*Your task*:
The output must match the lines from the first line of the listing below through the line holding "комода | 4 ящика |" exactly and must contain no pictures.

+--

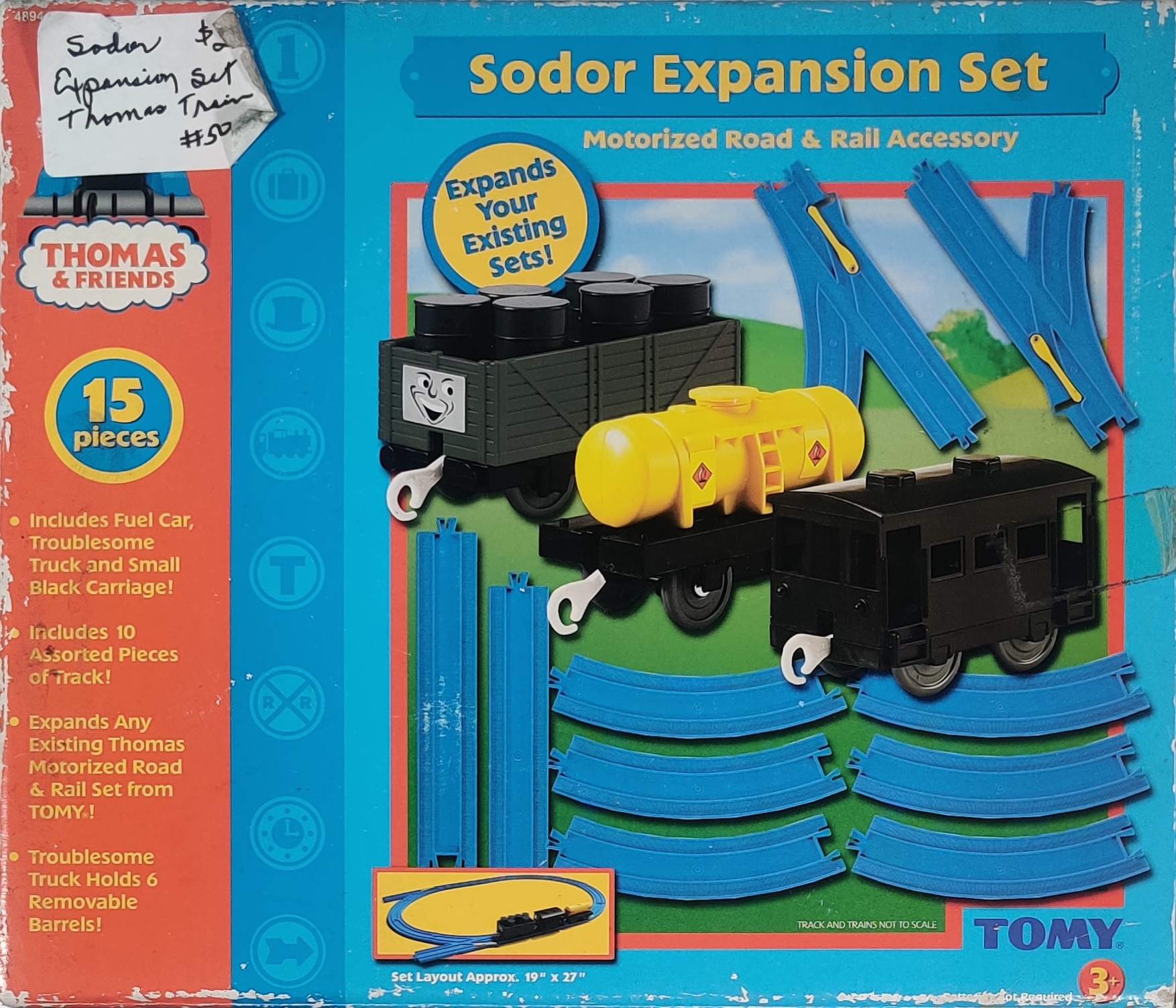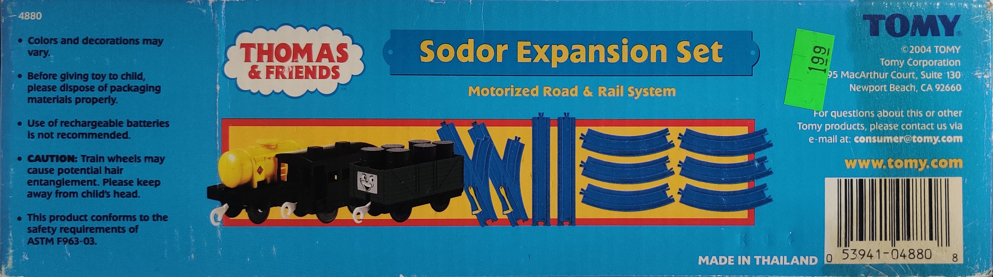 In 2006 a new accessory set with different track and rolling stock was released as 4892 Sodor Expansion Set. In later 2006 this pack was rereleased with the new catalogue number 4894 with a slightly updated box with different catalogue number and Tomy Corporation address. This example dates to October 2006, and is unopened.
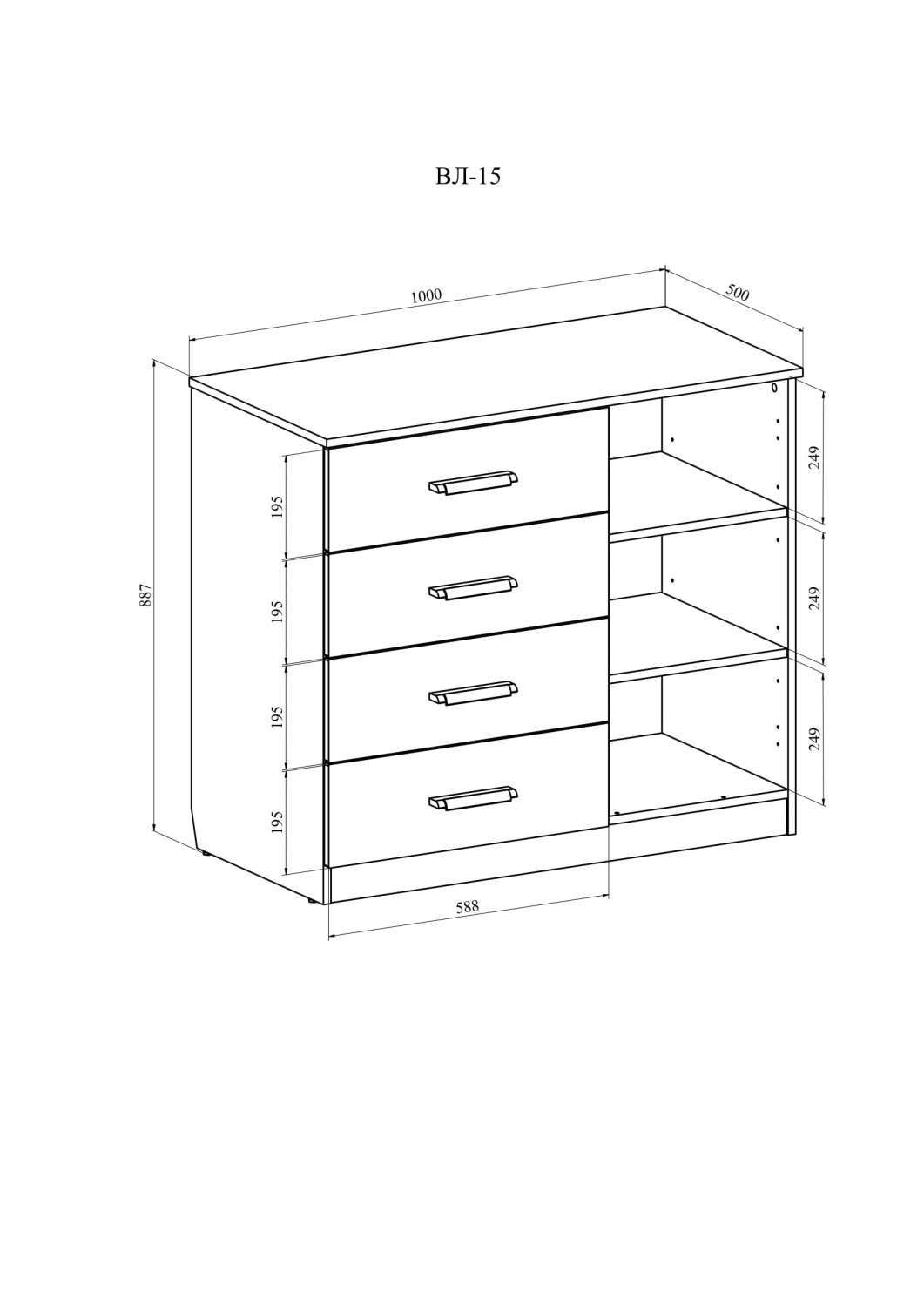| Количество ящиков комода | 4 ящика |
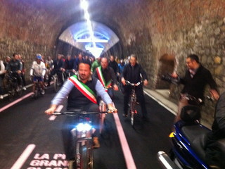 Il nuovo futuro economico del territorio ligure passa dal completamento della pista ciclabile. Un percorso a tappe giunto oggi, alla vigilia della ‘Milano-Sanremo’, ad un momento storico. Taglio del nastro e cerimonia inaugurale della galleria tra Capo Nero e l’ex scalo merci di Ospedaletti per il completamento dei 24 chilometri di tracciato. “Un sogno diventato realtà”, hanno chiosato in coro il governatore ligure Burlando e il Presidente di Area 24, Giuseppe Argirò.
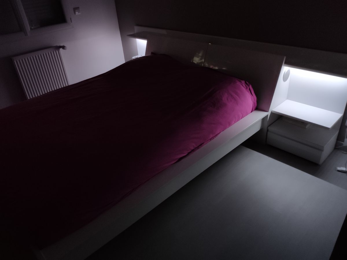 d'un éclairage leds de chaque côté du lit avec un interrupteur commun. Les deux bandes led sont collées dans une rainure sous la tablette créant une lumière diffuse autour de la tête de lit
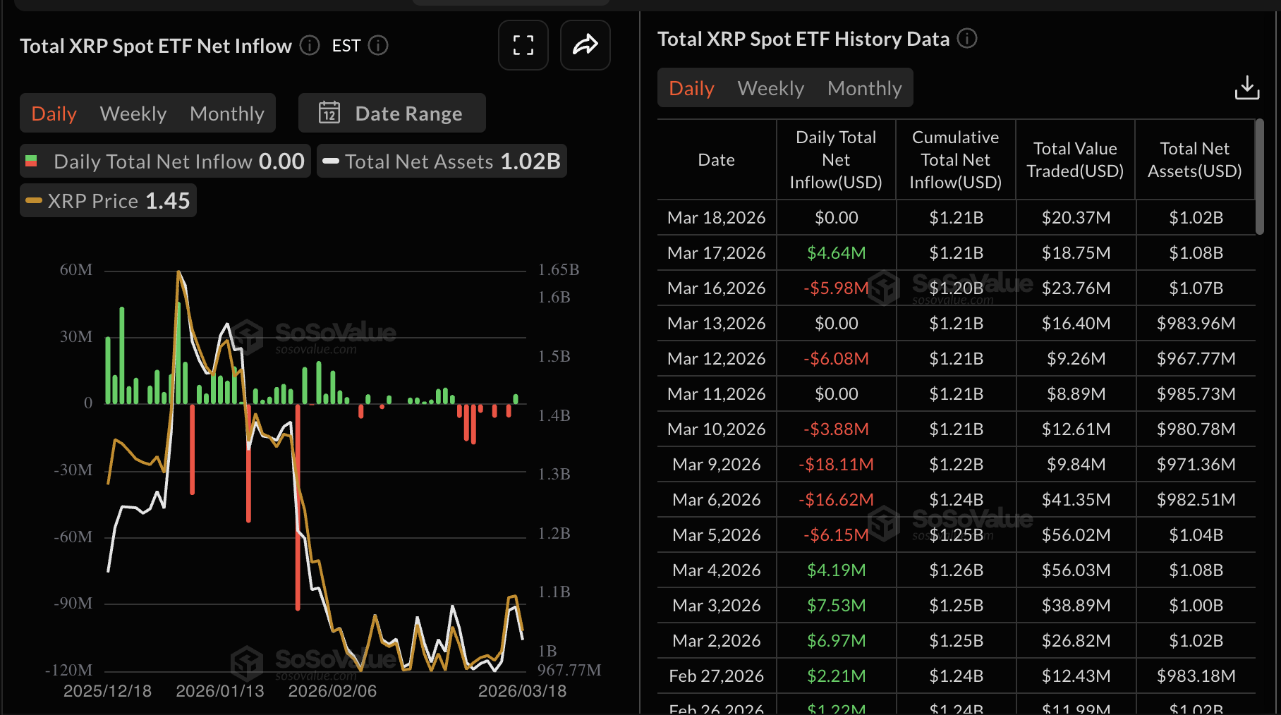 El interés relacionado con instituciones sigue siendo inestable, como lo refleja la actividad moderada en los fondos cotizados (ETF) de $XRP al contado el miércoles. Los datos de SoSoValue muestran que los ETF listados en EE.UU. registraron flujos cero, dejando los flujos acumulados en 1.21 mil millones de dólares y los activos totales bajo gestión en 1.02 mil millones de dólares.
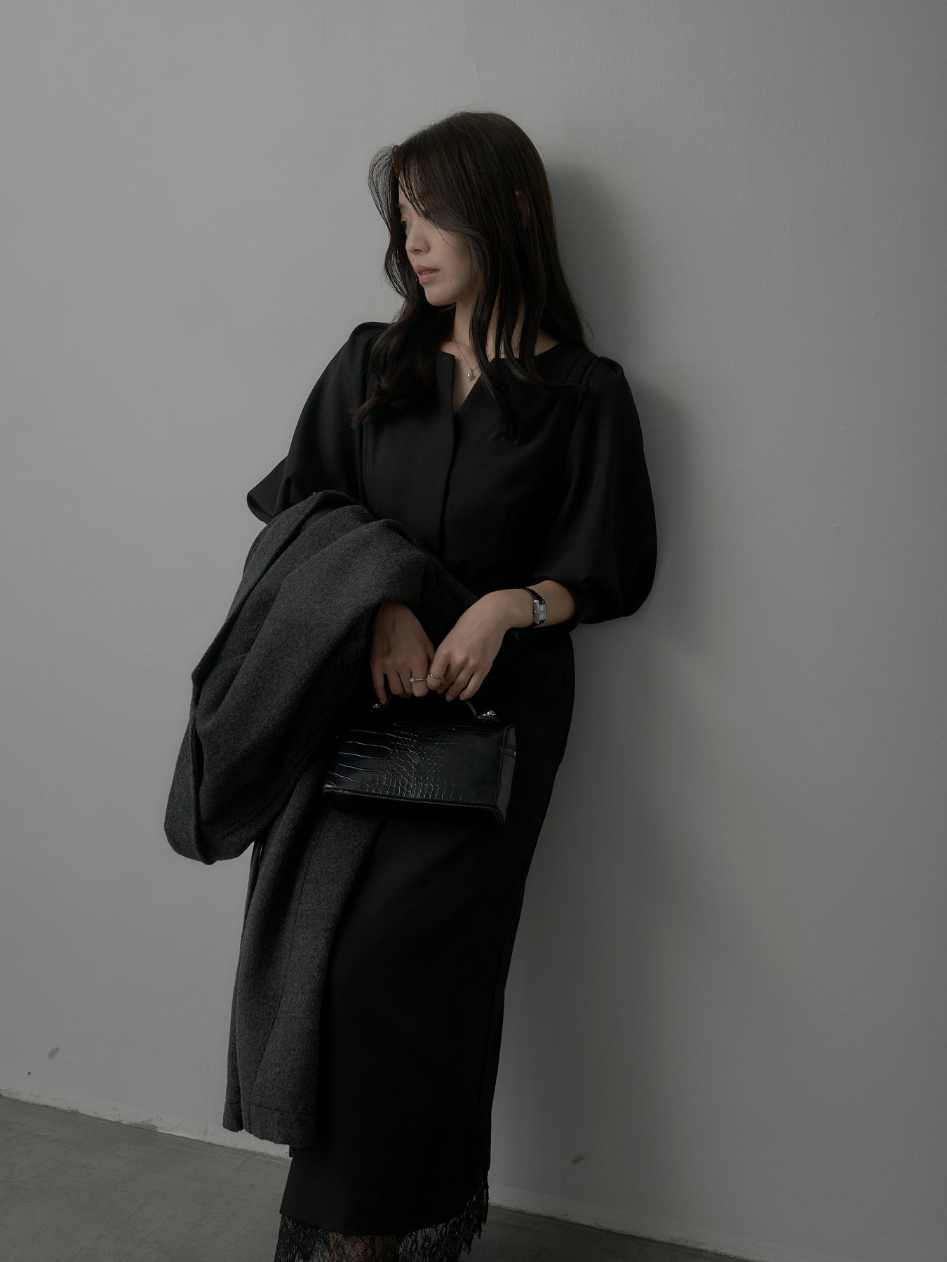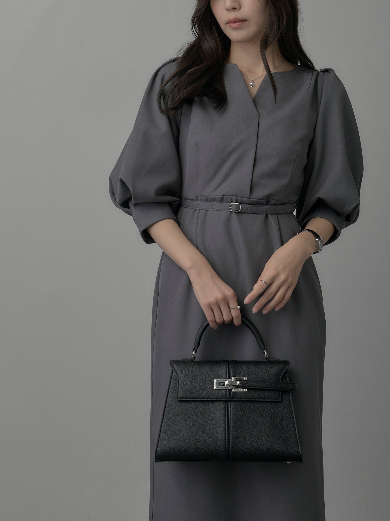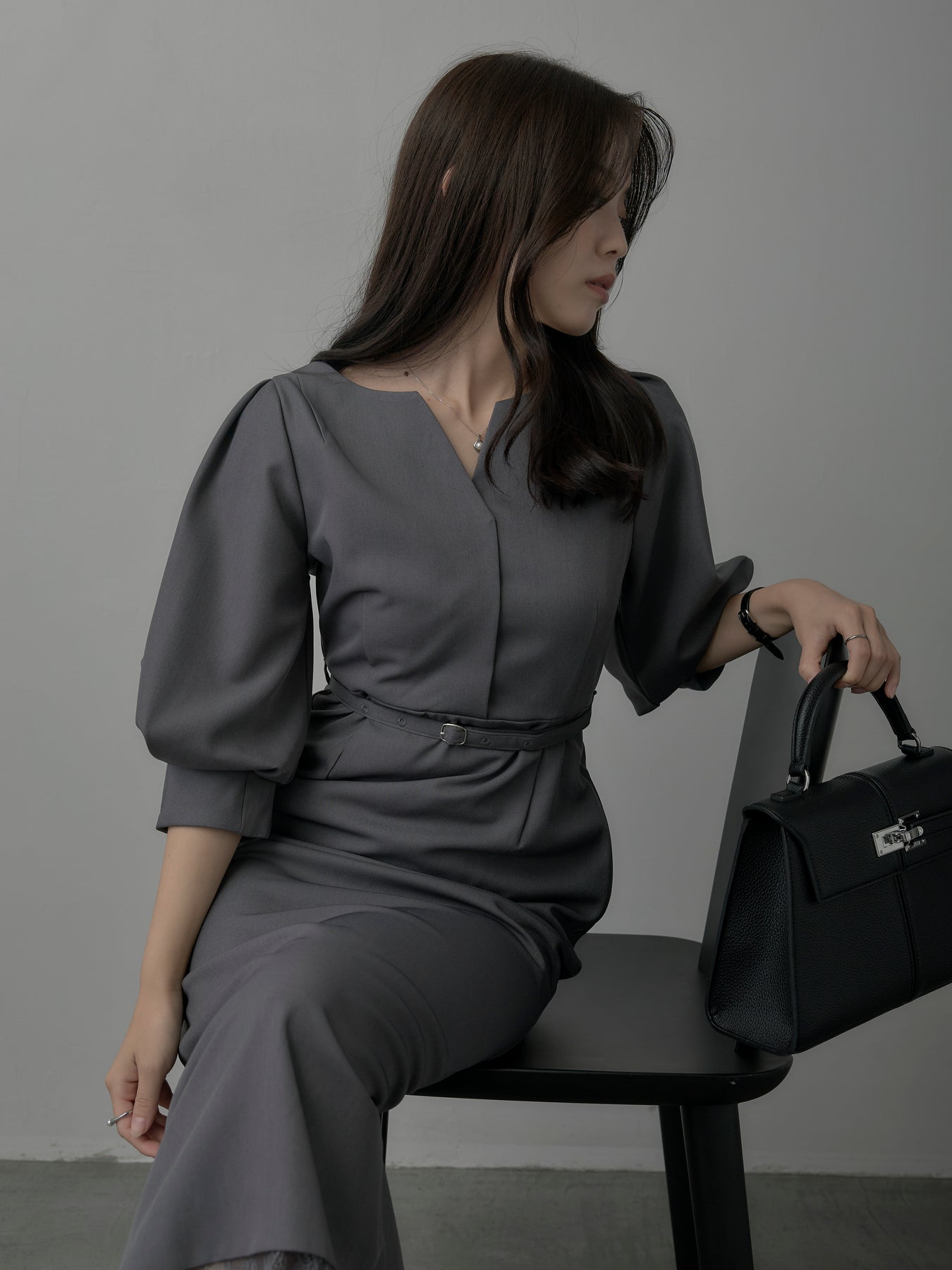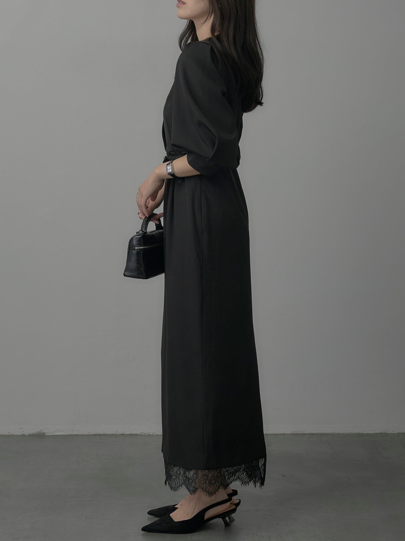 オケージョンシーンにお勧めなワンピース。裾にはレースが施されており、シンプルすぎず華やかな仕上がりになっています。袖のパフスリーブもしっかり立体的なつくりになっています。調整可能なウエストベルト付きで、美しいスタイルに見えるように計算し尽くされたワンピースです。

+--

*Expected answer*:
 In 2006 a new accessory set with different track and rolling stock was released as 4892 Sodor Expansion Set. In later 2006 this pack was rereleased with the new catalogue number 4894 with a slightly updated box with different catalogue number and Tomy Corporation address. This example dates to October 2006, and is unopened.
| Количество ящиков комода | 4 ящика |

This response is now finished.